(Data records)
━━━

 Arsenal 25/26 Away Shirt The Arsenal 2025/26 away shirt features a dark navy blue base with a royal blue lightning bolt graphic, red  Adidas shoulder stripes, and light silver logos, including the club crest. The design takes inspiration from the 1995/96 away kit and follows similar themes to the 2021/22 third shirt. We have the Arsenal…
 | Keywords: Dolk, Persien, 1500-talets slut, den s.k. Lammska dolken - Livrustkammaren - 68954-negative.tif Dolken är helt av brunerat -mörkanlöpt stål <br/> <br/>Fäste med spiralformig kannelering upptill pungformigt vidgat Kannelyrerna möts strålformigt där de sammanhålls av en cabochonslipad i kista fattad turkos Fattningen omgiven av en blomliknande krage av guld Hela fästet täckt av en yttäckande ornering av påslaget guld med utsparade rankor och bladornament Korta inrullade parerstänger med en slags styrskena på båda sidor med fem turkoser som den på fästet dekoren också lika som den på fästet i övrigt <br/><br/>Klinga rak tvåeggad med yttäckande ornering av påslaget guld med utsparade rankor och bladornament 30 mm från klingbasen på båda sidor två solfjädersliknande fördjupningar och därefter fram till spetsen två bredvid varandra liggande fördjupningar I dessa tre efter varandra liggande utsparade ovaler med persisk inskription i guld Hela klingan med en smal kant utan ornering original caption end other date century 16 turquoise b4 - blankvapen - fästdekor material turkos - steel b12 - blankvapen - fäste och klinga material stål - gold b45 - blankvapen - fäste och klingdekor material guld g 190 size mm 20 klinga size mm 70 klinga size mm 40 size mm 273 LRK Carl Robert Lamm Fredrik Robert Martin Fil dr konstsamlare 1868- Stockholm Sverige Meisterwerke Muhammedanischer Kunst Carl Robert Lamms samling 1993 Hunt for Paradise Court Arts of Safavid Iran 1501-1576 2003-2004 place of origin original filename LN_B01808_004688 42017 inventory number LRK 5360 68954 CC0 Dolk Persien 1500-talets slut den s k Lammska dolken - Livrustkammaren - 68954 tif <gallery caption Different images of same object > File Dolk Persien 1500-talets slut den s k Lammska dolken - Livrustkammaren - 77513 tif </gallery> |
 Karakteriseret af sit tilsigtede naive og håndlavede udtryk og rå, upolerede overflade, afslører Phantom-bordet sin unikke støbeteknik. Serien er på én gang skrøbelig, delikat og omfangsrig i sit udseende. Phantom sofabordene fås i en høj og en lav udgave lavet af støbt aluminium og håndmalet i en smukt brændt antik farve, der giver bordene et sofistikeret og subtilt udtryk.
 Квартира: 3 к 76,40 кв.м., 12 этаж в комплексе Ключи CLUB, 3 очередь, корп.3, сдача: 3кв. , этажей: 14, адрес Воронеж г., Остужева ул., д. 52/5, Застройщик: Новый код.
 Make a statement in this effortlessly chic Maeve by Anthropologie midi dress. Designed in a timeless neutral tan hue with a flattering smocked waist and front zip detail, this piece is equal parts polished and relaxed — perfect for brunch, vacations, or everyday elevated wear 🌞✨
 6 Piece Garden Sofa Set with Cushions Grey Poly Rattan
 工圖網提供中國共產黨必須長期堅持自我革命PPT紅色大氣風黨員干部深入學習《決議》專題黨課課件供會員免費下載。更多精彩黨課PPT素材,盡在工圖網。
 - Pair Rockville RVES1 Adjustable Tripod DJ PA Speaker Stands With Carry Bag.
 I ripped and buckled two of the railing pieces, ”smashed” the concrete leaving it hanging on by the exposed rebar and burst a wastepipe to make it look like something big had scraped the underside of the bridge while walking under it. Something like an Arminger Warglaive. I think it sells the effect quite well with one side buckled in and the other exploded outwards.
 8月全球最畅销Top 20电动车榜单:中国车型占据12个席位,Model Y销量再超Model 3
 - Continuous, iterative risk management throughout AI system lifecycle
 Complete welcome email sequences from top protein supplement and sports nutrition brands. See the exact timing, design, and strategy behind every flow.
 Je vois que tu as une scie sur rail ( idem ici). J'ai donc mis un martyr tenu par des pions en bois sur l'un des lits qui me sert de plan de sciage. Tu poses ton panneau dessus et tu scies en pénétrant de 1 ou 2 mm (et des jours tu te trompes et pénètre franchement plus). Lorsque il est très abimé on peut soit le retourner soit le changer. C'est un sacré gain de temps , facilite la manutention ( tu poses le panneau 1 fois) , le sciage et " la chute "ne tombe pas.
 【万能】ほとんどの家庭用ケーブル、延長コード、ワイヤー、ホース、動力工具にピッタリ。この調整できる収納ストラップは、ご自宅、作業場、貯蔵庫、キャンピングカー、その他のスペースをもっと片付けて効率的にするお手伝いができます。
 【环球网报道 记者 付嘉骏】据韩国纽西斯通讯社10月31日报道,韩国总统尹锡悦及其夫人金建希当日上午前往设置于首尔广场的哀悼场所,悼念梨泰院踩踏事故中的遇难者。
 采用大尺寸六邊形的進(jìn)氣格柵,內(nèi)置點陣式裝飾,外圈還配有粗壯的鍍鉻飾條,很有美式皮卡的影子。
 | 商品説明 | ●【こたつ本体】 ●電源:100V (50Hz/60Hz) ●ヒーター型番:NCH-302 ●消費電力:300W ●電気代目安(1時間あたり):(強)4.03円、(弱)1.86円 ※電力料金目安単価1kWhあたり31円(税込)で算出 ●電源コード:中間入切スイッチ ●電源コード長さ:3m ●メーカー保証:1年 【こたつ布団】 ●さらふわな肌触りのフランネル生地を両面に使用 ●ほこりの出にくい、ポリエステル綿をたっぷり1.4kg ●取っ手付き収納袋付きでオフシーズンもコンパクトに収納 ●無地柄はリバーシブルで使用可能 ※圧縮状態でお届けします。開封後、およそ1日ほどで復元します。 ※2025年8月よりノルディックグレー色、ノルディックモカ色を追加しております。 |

━━━

> WORK TO BE COMPLETED
Copy the records above exactly, leaving nothing out.

> TASK ANSWER
 Arsenal 25/26 Away Shirt The Arsenal 2025/26 away shirt features a dark navy blue base with a royal blue lightning bolt graphic, red  Adidas shoulder stripes, and light silver logos, including the club crest. The design takes inspiration from the 1995/96 away kit and follows similar themes to the 2021/22 third shirt. We have the Arsenal…
 | Keywords: Dolk, Persien, 1500-talets slut, den s.k. Lammska dolken - Livrustkammaren - 68954-negative.tif Dolken är helt av brunerat -mörkanlöpt stål <br/> <br/>Fäste med spiralformig kannelering upptill pungformigt vidgat Kannelyrerna möts strålformigt där de sammanhålls av en cabochonslipad i kista fattad turkos Fattningen omgiven av en blomliknande krage av guld Hela fästet täckt av en yttäckande ornering av påslaget guld med utsparade rankor och bladornament Korta inrullade parerstänger med en slags styrskena på båda sidor med fem turkoser som den på fästet dekoren också lika som den på fästet i övrigt <br/><br/>Klinga rak tvåeggad med yttäckande ornering av påslaget guld med utsparade rankor och bladornament 30 mm från klingbasen på båda sidor två solfjädersliknande fördjupningar och därefter fram till spetsen två bredvid varandra liggande fördjupningar I dessa tre efter varandra liggande utsparade ovaler med persisk inskription i guld Hela klingan med en smal kant utan ornering original caption end other date century 16 turquoise b4 - blankvapen - fästdekor material turkos - steel b12 - blankvapen - fäste och klinga material stål - gold b45 - blankvapen - fäste och klingdekor material guld g 190 size mm 20 klinga size mm 70 klinga size mm 40 size mm 273 LRK Carl Robert Lamm Fredrik Robert Martin Fil dr konstsamlare 1868- Stockholm Sverige Meisterwerke Muhammedanischer Kunst Carl Robert Lamms samling 1993 Hunt for Paradise Court Arts of Safavid Iran 1501-1576 2003-2004 place of origin original filename LN_B01808_004688 42017 inventory number LRK 5360 68954 CC0 Dolk Persien 1500-talets slut den s k Lammska dolken - Livrustkammaren - 68954 tif <gallery caption Different images of same object > File Dolk Persien 1500-talets slut den s k Lammska dolken - Livrustkammaren - 77513 tif </gallery> |
 Karakteriseret af sit tilsigtede naive og håndlavede udtryk og rå, upolerede overflade, afslører Phantom-bordet sin unikke støbeteknik. Serien er på én gang skrøbelig, delikat og omfangsrig i sit udseende. Phantom sofabordene fås i en høj og en lav udgave lavet af støbt aluminium og håndmalet i en smukt brændt antik farve, der giver bordene et sofistikeret og subtilt udtryk.
 Квартира: 3 к 76,40 кв.м., 12 этаж в комплексе Ключи CLUB, 3 очередь, корп.3, сдача: 3кв. , этажей: 14, адрес Воронеж г., Остужева ул., д. 52/5, Застройщик: Новый код.
 Make a statement in this effortlessly chic Maeve by Anthropologie midi dress. Designed in a timeless neutral tan hue with a flattering smocked waist and front zip detail, this piece is equal parts polished and relaxed — perfect for brunch, vacations, or everyday elevated wear 🌞✨
 6 Piece Garden Sofa Set with Cushions Grey Poly Rattan
 工圖網提供中國共產黨必須長期堅持自我革命PPT紅色大氣風黨員干部深入學習《決議》專題黨課課件供會員免費下載。更多精彩黨課PPT素材,盡在工圖網。
 - Pair Rockville RVES1 Adjustable Tripod DJ PA Speaker Stands With Carry Bag.
 I ripped and buckled two of the railing pieces, ”smashed” the concrete leaving it hanging on by the exposed rebar and burst a wastepipe to make it look like something big had scraped the underside of the bridge while walking under it. Something like an Arminger Warglaive. I think it sells the effect quite well with one side buckled in and the other exploded outwards.
 8月全球最畅销Top 20电动车榜单:中国车型占据12个席位,Model Y销量再超Model 3
 - Continuous, iterative risk management throughout AI system lifecycle
 Complete welcome email sequences from top protein supplement and sports nutrition brands. See the exact timing, design, and strategy behind every flow.
 Je vois que tu as une scie sur rail ( idem ici). J'ai donc mis un martyr tenu par des pions en bois sur l'un des lits qui me sert de plan de sciage. Tu poses ton panneau dessus et tu scies en pénétrant de 1 ou 2 mm (et des jours tu te trompes et pénètre franchement plus). Lorsque il est très abimé on peut soit le retourner soit le changer. C'est un sacré gain de temps , facilite la manutention ( tu poses le panneau 1 fois) , le sciage et " la chute "ne tombe pas.
 【万能】ほとんどの家庭用ケーブル、延長コード、ワイヤー、ホース、動力工具にピッタリ。この調整できる収納ストラップは、ご自宅、作業場、貯蔵庫、キャンピングカー、その他のスペースをもっと片付けて効率的にするお手伝いができます。
 【环球网报道 记者 付嘉骏】据韩国纽西斯通讯社10月31日报道,韩国总统尹锡悦及其夫人金建希当日上午前往设置于首尔广场的哀悼场所,悼念梨泰院踩踏事故中的遇难者。
 采用大尺寸六邊形的進(jìn)氣格柵,內(nèi)置點陣式裝飾,外圈還配有粗壯的鍍鉻飾條,很有美式皮卡的影子。
 | 商品説明 | ●【こたつ本体】 ●電源:100V (50Hz/60Hz) ●ヒーター型番:NCH-302 ●消費電力:300W ●電気代目安(1時間あたり):(強)4.03円、(弱)1.86円 ※電力料金目安単価1kWhあたり31円(税込)で算出 ●電源コード:中間入切スイッチ ●電源コード長さ:3m ●メーカー保証:1年 【こたつ布団】 ●さらふわな肌触りのフランネル生地を両面に使用 ●ほこりの出にくい、ポリエステル綿をたっぷり1.4kg ●取っ手付き収納袋付きでオフシーズンもコンパクトに収納 ●無地柄はリバーシブルで使用可能 ※圧縮状態でお届けします。開封後、およそ1日ほどで復元します。 ※2025年8月よりノルディックグレー色、ノルディックモカ色を追加しております。 |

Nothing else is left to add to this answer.